Task prompt -
Reproduce every line of the material below, but drop the pictures.

Records -
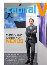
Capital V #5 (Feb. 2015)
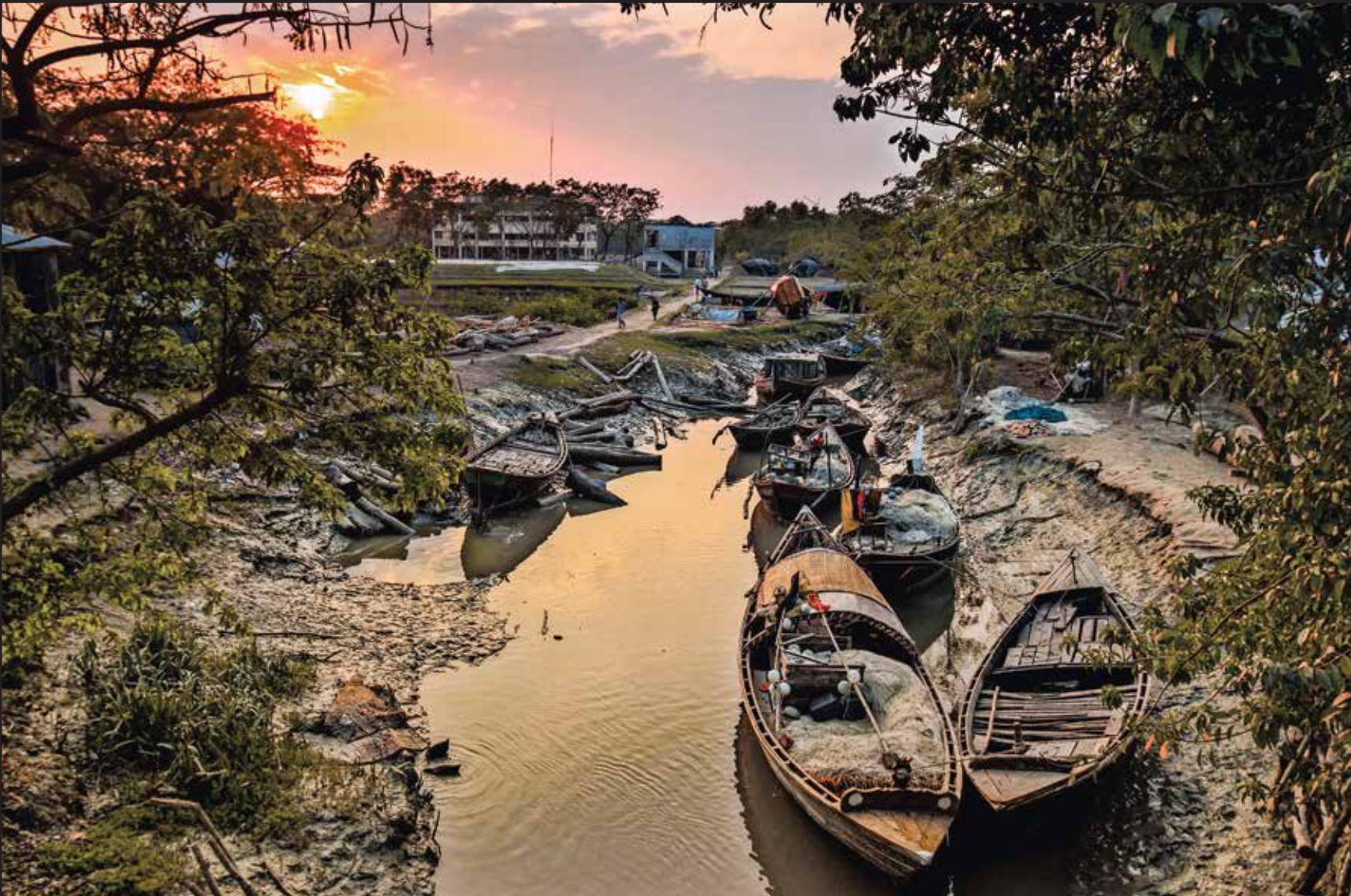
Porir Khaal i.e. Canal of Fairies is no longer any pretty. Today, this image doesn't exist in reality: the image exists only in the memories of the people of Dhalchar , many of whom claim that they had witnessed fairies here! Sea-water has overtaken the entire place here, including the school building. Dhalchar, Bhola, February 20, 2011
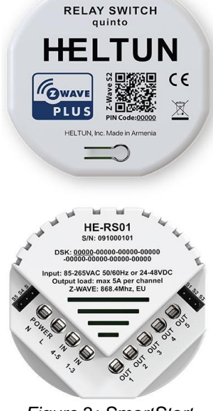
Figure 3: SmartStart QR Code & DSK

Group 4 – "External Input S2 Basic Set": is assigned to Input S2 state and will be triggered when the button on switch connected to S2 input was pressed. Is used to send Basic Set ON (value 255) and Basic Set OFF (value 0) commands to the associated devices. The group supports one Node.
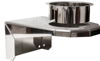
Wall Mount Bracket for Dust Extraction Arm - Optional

Response to the task -
Capital V #5 (Feb. 2015)
Porir Khaal i.e. Canal of Fairies is no longer any pretty. Today, this image doesn't exist in reality: the image exists only in the memories of the people of Dhalchar , many of whom claim that they had witnessed fairies here! Sea-water has overtaken the entire place here, including the school building. Dhalchar, Bhola, February 20, 2011
Figure 3: SmartStart QR Code & DSK

Group 4 – "External Input S2 Basic Set": is assigned to Input S2 state and will be triggered when the button on switch connected to S2 input was pressed. Is used to send Basic Set ON (value 255) and Basic Set OFF (value 0) commands to the associated devices. The group supports one Node.
Wall Mount Bracket for Dust Extraction Arm - Optional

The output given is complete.